For me, I am less “fruitful” when I am monogamous or celibate. I am crankier, more restless, more impatient, more self-centered, rougher, more impulsive. In Amy and Dave, I have found the family that allows me to bear fruit, and they also report that they are happier for having me around. I understand myself to be called to be part of this family.

Doesn’t Christianity have rules against our kind of family? Yes. Scripture doesn’t defend it, and historical tradition has consistently spoken against it. But Jesus spoke very clearly and firmly on the nature of rules. They exist for the purpose of making people’s lives better. They do not exist for the purpose of proving people’s obedience. Rules were, in fact, the very first thing the early Church had a crisis over: the question of whether people had to become Jewish first, before they could become Christian. And the answer the early Church settled on was, no, they don’t. God is too important to place barriers in front of people who have decided they want to try to trust in God. Do they show the fruit of the Spirit? Okay, then, they’re in, rules or no rules.

Martin Luther King, Jr. famously said that the arc of history is long, but it bends towards justice. The same is true of theology. Christianity has bent towards freedom for people of all races, towards greater equality for women, towards acceptance of monogamous loving relationships among people of any gender.

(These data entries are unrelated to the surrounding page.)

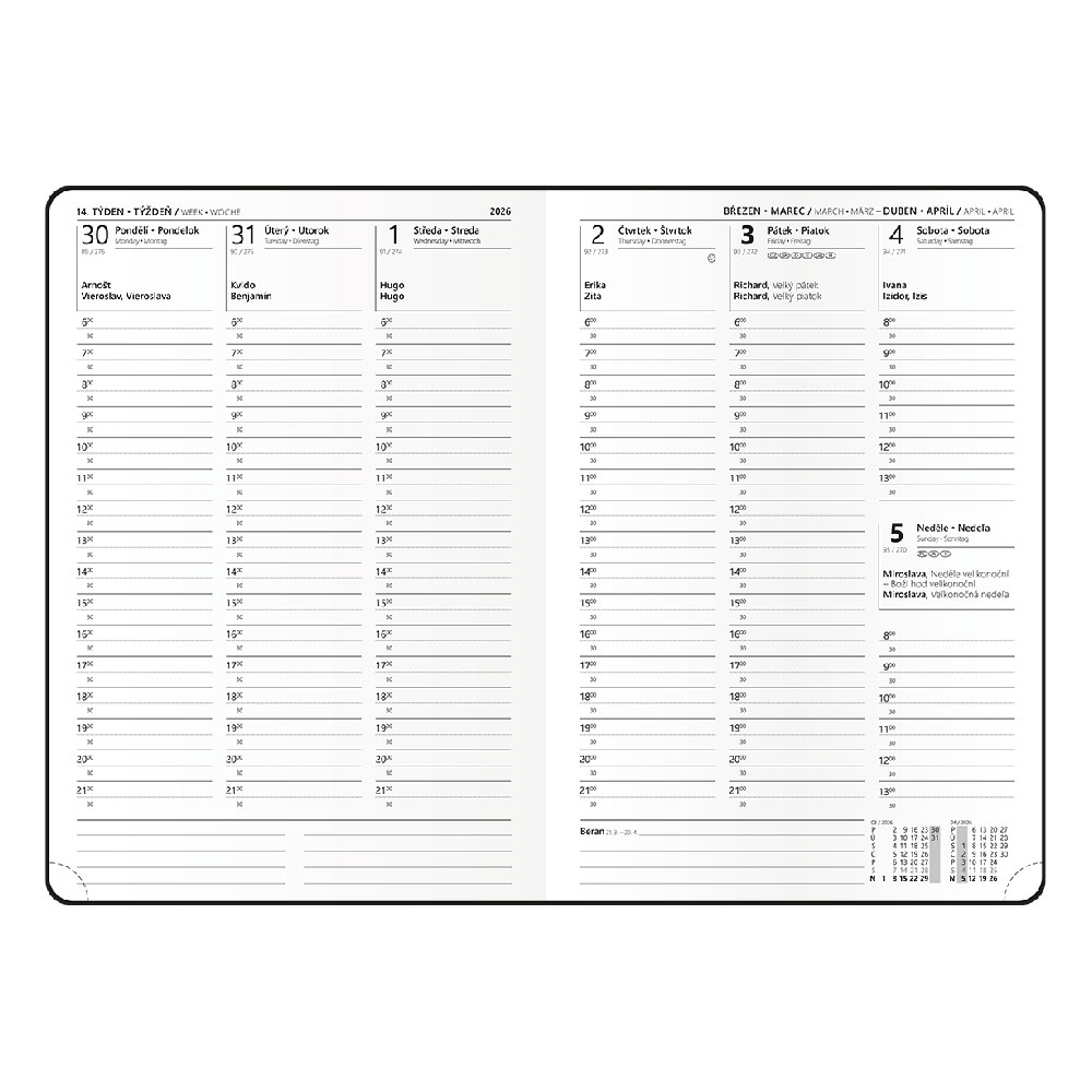 Wymiary: 143 x 205 mm Format: A5 Kalendarz: tygodniowy nominalny czeski i słowacki Mutacje językowe: CZ, SK, EN, DE Materiał okładki: materiał o drobnej strukturze Papier: biały w perforowanych rolkach Liczba stron: 144 Wiązanie: szyte wiązanie V8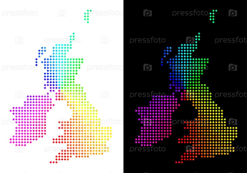 Цветная пунктирная карта Великобритании и Ирландии. Векторный территориальный план в ярких цветах радуги с круговым градиентом на белом и черном фоне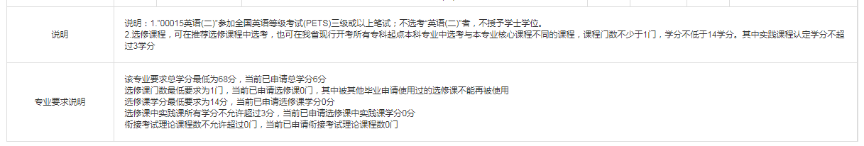 考生选定准考证、专业、主考院校后,系统自动显示考生申请毕业专业的计划及考生已取得的对应课程、成绩(包括免考)。考生须清楚计划下列的“说明”和“专业要求说明”,特别是其中关于选修课程的说明。考生勾选用于选修课程的课程。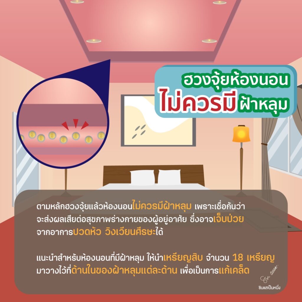 ตามหลักฮวงจุ้ยแล้วห้องนอนไม่ควรมีผ้าหลุม เพราะเชื่อกันว่าจะส่งผลเสียต่อสุขภาพร่างกายของผู้อยู่อาศัย ซึ่งอาจเจ็บป่วย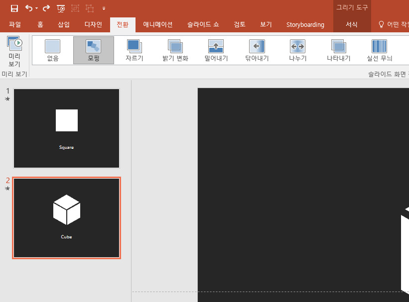 마지막으로, 2번 슬라이드(타깃 슬라이드)에서 전환 - 모핑 선택을 하여 마무리 합니다.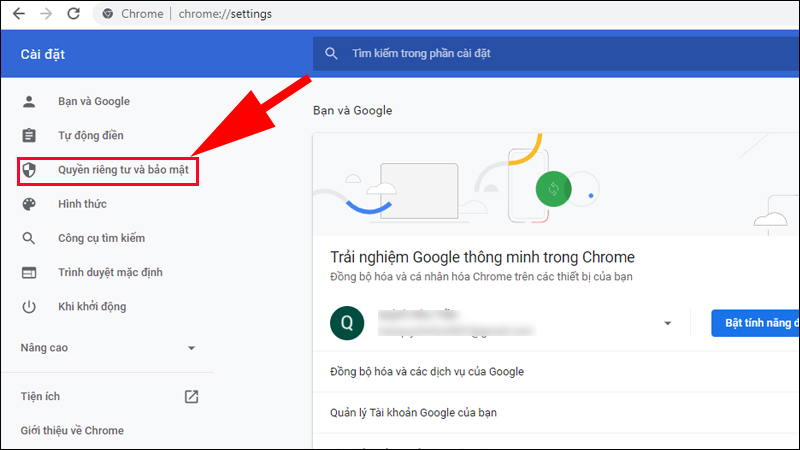 Bước 2: Tại thanh menu bên trái, chọn mục Quyền riêng tư và bảo mật (Privacy and security).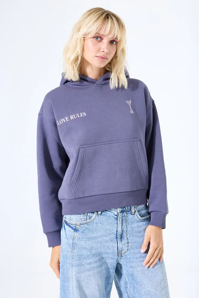 Comfortabele hoodie met allover tekstprint. Deze hoodie heeft een capuchon, lange mouwen en een relaxed fit. Dit item is gemaakt van 45% katoen, 30% polyester en 25% gerecycled katoen.

Christianity will bend towards acceptance of polyamory. I just happen to be out on the farthest edge of that curve, at the moment. It’s not where I would prefer to be, but it appears to be where I am called to be. I trust in God. I am polyamorous; I am Christian; I couldn’t give up my family without destroying my faith, and I couldn’t give up my faith without destroying my ability to be a good husband and father and partner. There’s really not much to reconcile, in the end.